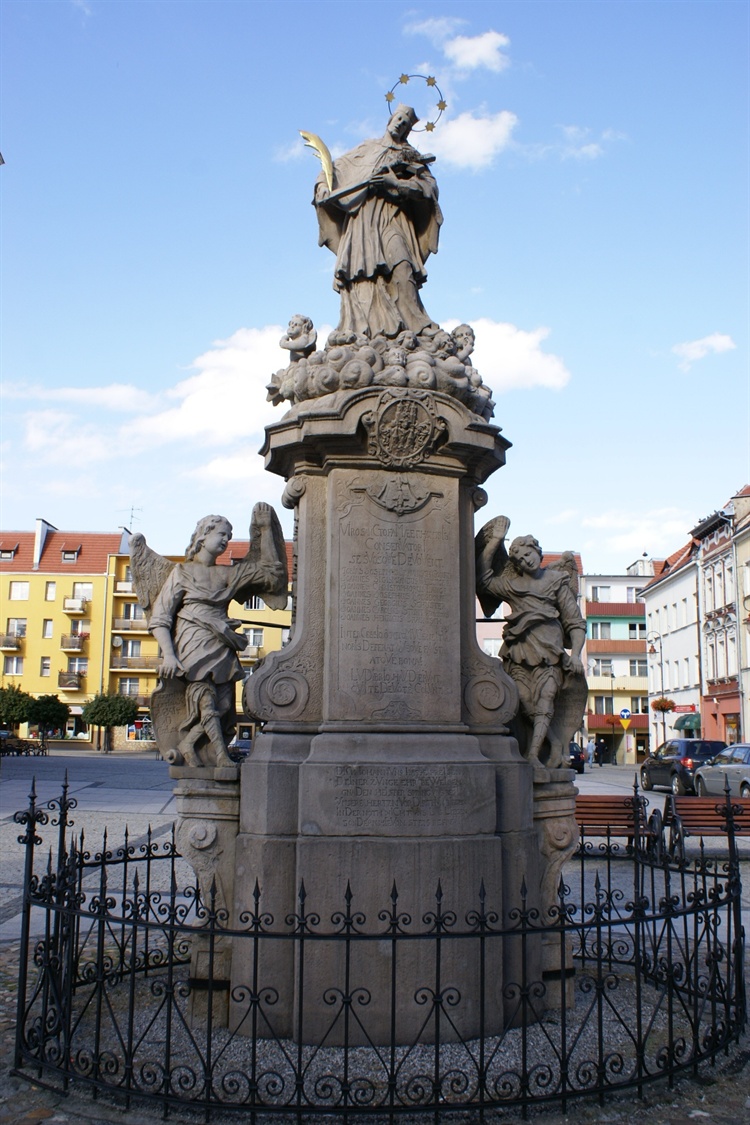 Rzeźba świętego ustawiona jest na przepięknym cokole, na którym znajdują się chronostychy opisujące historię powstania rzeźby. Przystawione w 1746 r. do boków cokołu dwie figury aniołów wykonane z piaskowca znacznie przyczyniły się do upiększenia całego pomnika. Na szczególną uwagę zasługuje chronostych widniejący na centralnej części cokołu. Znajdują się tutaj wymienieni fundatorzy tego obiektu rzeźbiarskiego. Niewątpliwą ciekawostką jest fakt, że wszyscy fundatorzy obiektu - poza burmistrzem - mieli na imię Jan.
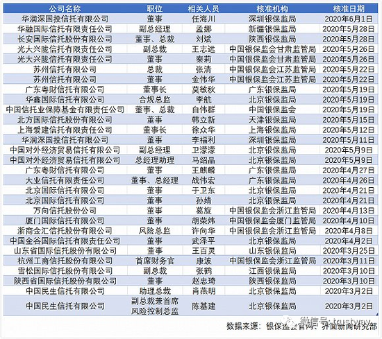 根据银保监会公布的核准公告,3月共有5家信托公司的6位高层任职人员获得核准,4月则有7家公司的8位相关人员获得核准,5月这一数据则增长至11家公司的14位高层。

= = =

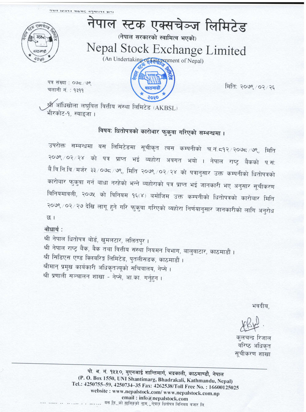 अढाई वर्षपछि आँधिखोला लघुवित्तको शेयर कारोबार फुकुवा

= = =

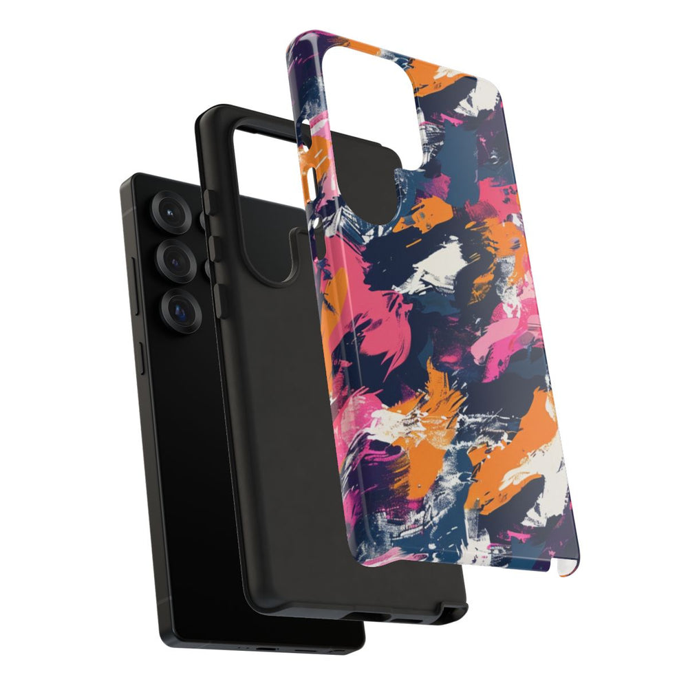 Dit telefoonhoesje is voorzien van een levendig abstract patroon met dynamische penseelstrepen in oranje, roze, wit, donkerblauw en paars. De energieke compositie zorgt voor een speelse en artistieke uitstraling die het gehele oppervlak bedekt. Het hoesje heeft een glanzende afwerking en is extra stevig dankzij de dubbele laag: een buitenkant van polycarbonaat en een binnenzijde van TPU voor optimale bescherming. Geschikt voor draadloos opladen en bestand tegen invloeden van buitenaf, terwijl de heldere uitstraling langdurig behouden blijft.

= = =

Once the line with "Rzeźba świętego ustawiona" is found above, transcribe each line from it through the line with "根据银保监会公布的核准公告,3月共有5家", exactly, and omit the pictures.

### [ANSWER AREA]
 Rzeźba świętego ustawiona jest na przepięknym cokole, na którym znajdują się chronostychy opisujące historię powstania rzeźby. Przystawione w 1746 r. do boków cokołu dwie figury aniołów wykonane z piaskowca znacznie przyczyniły się do upiększenia całego pomnika. Na szczególną uwagę zasługuje chronostych widniejący na centralnej części cokołu. Znajdują się tutaj wymienieni fundatorzy tego obiektu rzeźbiarskiego. Niewątpliwą ciekawostką jest fakt, że wszyscy fundatorzy obiektu - poza burmistrzem - mieli na imię Jan.
 根据银保监会公布的核准公告,3月共有5家信托公司的6位高层任职人员获得核准,4月则有7家公司的8位相关人员获得核准,5月这一数据则增长至11家公司的14位高层。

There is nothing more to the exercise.